This is part four in a series on low-code machine learning with Azure ML.
The Machine Learning Process
Machine learning is a lot like an action film from the 1980s: we see early on that there’s a problem, we train in a cool montage with upbeat rock music, and then we come back to the problem and defeat it with car chases and bazookas and quippy one-liners. Well, maybe that simile got away from me a little bit, but I think I’ll stick with it.

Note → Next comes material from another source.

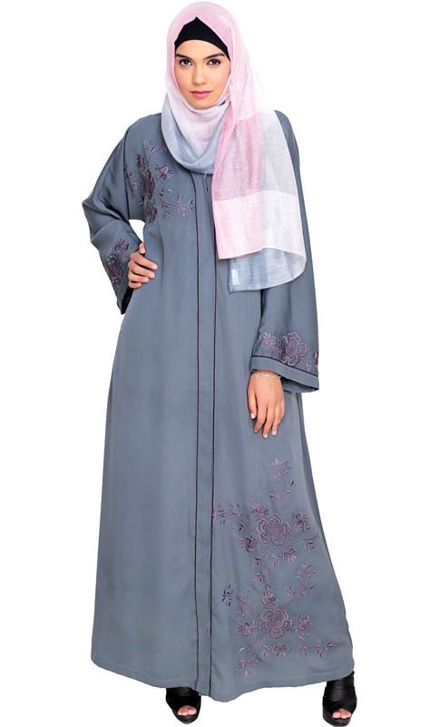 Botanical Grey Embroidered Dubai Style Abaya (Made-To-Order)

What we’ll do in this post is cover the process of training a simple model using the Azure ML designer. I won’t deviate too far from the “classic” Azure ML script, which involves using the Designer to train a model and then deploy an endpoint for consumption. And away we go!
Build a Training Pipeline
All of this happens in the Designer view. Navigate to the Designer page, which you can find in the Author menu. Then, select the giant plus sign to create a new model.
For training, we need to select a compute instance, a compute cluster, or attached compute. I’m going to choose my compute instance rather than a compute cluster. In order to do this, my compute instance must be on, so if you’re following along and yours isn’t, turn it on in the Compute menu before moving forward. We’ll write our outputs to the default of
workplaceblobstore and give the training process a jaunty name.
From there, we’re going to create a training pipeline. The standard training pipeline looks a bit like this:
You may see a few minor alterations, but most Azure ML pipelines will start with a frame that looks like this. Now let’s take each piece of it in order.
The first component is our dataset. You’ll every dataset you’ve created in the Datasets menu. As a quick tip, use the search bar above the Datasets menu to search for items, especially as the number of datasets gets large. This search also works for different ML algorithms and the like.
Clean Missing Data
The next step in the process is to add a Clean Missing Data transformation, which you can find in the Data Transformation menu.
You’ll select the “Edit column” to choose the columns you need. You can set the minimum and maximum missing value ratios. I’d leave minimum at 0.0, though if you want to cap the maximum percentage of missing values that you clean up, you can set the maximum value under 1. Just like with AutoML, we’ll replace missing values with the mean.
Note that Clean Missing Data takes one input called Dataset of type DataFrameDirectory and has two outputs: a DataFrameDirectory called Cleaned dataset, and a TransformationDirectory called Cleaning transformation. I don’t think I’ve used a TransformationDirectory before and looking it up by that name doesn’t really give you very much info.
The next step will be a Normalize Data component, also in the Data Transformation menu. What we typically mean by normalization in this context is to have each input feature range between 0 and 1. That way, numerically large features will not swamp numerically small features, as with many algorithms, a feature which ranges from 100,000 to 25,000,000 may have a lot more weight than a feature which ranges from 0 to 3, even if the 0-3 feature is actually more important.
We’ll transform each of the input columns along these lines.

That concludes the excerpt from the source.